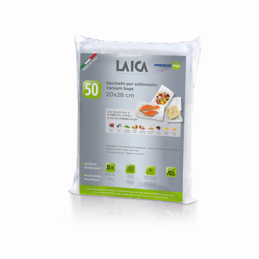 A LAICA légcsatornás vákuumcsomagoló tasak/tömlő kifejezetten élelmiszerek vákuumcsomagolásához lett gyártva Belső rétege antibakteriális és bordázott (légcsatornás) Belső felületének köszönhetően meggátolja az élelmiszerek elmozdulását a vákuum képződése során A légcsatorna garantálja a tökéletes levegő elszívást, ez által a levegőmentes környezetet A külső rétege ellenáll a víznek, gőznek és bizonyos mértékig a magas hőnek Független szakértők vizsgálatai igazolják, hogy minden LAICA tasak Biszfenol A (BPA), ólom, polietilén és ftalát mentes! Alkalmas miden típusú külső vákuumos fóliahegesztő géphez, illetve sous vide főzéshez (70 C fokon max. 6 óra, 100 C fokon max. 15 perces főzésre) Európai gyártású, garantáltan nem oldódik ki semmilyen egészségre ártalmas anyag, megfelelnek az EU 2002/72/EC irányelvének
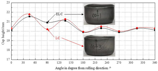 Several important indexes to characterize the earing propensity are listed in Table 5 in which t, v, e, Δhmax, and Ze meant the average height of ear peak, ear valley, earing, maximum ear height, and earing coefficient, respectively. Although Ze of both meets the user’s requirements of less than 5%, but, t, e, Δhmax, and Ze of ELC were lower than those of LC, so ELC has better earing performance than LC.
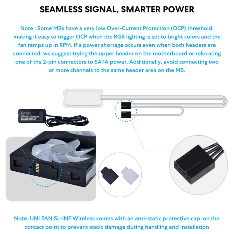 - Redesigned Receiver: Equipped with a new wireless receiver, the fans connect seamlessly to power both blades and LEDs. The updated 4-pin cable ensures compatibility with 12V PWM motherboards, simplifying installation and eliminating connector confusion.
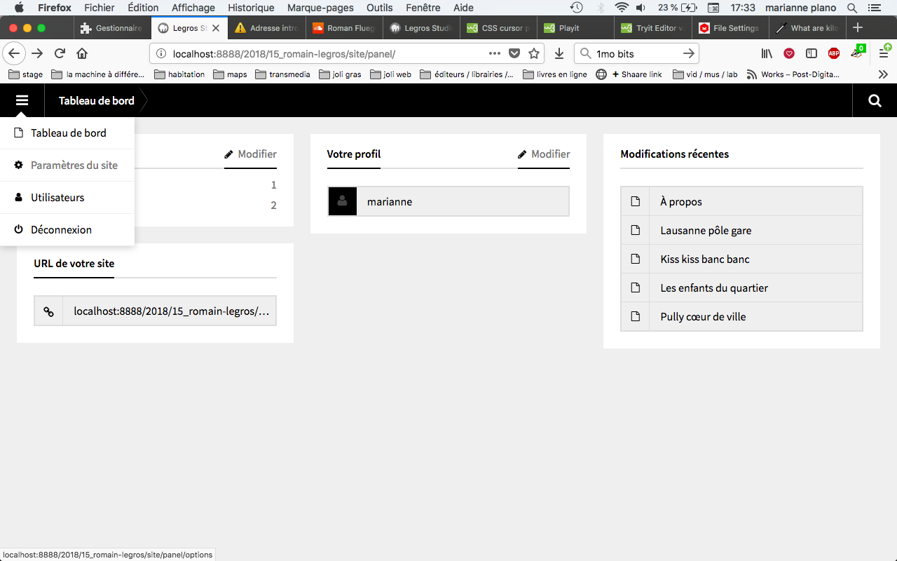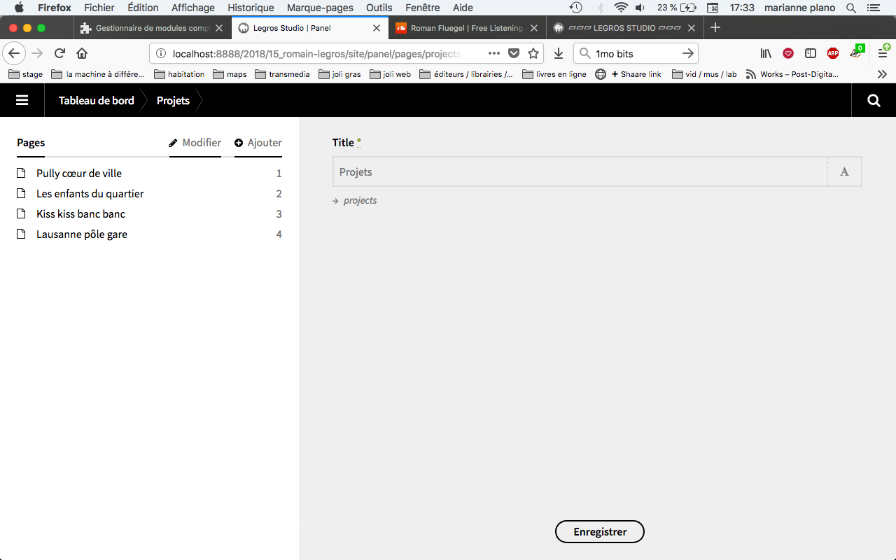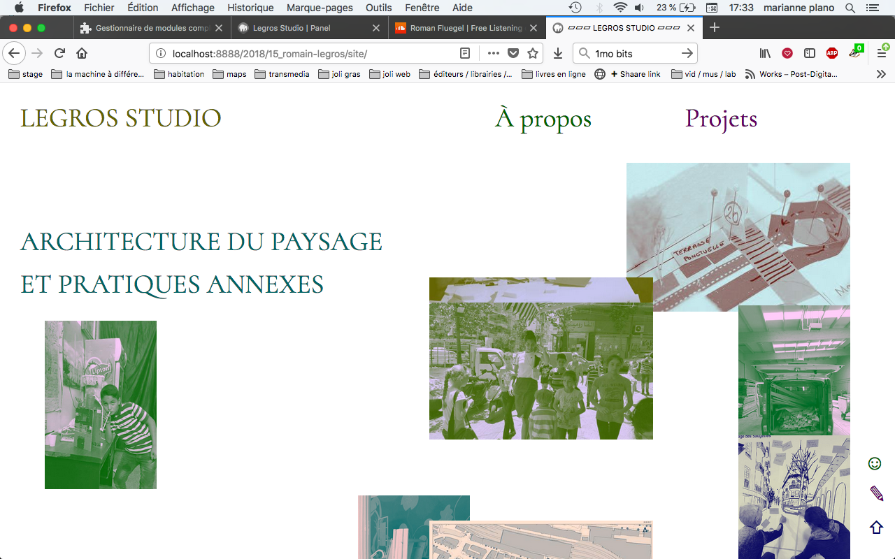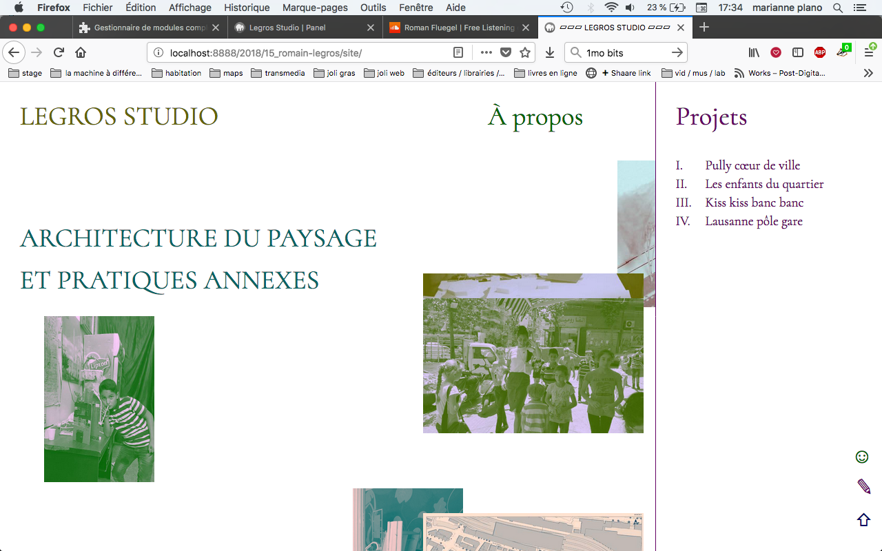 Dans cette section, tous tes projets, qui apparaissent dans l'ordre que tu choisis, à la fois dans le menu et dans le scroll.

What needs to be done: Every line of the material must be returned verbatim, and pictures must be left behind.

Exercise response:
 A LAICA légcsatornás vákuumcsomagoló tasak/tömlő kifejezetten élelmiszerek vákuumcsomagolásához lett gyártva Belső rétege antibakteriális és bordázott (légcsatornás) Belső felületének köszönhetően meggátolja az élelmiszerek elmozdulását a vákuum képződése során A légcsatorna garantálja a tökéletes levegő elszívást, ez által a levegőmentes környezetet A külső rétege ellenáll a víznek, gőznek és bizonyos mértékig a magas hőnek Független szakértők vizsgálatai igazolják, hogy minden LAICA tasak Biszfenol A (BPA), ólom, polietilén és ftalát mentes! Alkalmas miden típusú külső vákuumos fóliahegesztő géphez, illetve sous vide főzéshez (70 C fokon max. 6 óra, 100 C fokon max. 15 perces főzésre) Európai gyártású, garantáltan nem oldódik ki semmilyen egészségre ártalmas anyag, megfelelnek az EU 2002/72/EC irányelvének
 Several important indexes to characterize the earing propensity are listed in Table 5 in which t, v, e, Δhmax, and Ze meant the average height of ear peak, ear valley, earing, maximum ear height, and earing coefficient, respectively. Although Ze of both meets the user’s requirements of less than 5%, but, t, e, Δhmax, and Ze of ELC were lower than those of LC, so ELC has better earing performance than LC.
 - Redesigned Receiver: Equipped with a new wireless receiver, the fans connect seamlessly to power both blades and LEDs. The updated 4-pin cable ensures compatibility with 12V PWM motherboards, simplifying installation and eliminating connector confusion.
 Dans cette section, tous tes projets, qui apparaissent dans l'ordre que tu choisis, à la fois dans le menu et dans le scroll.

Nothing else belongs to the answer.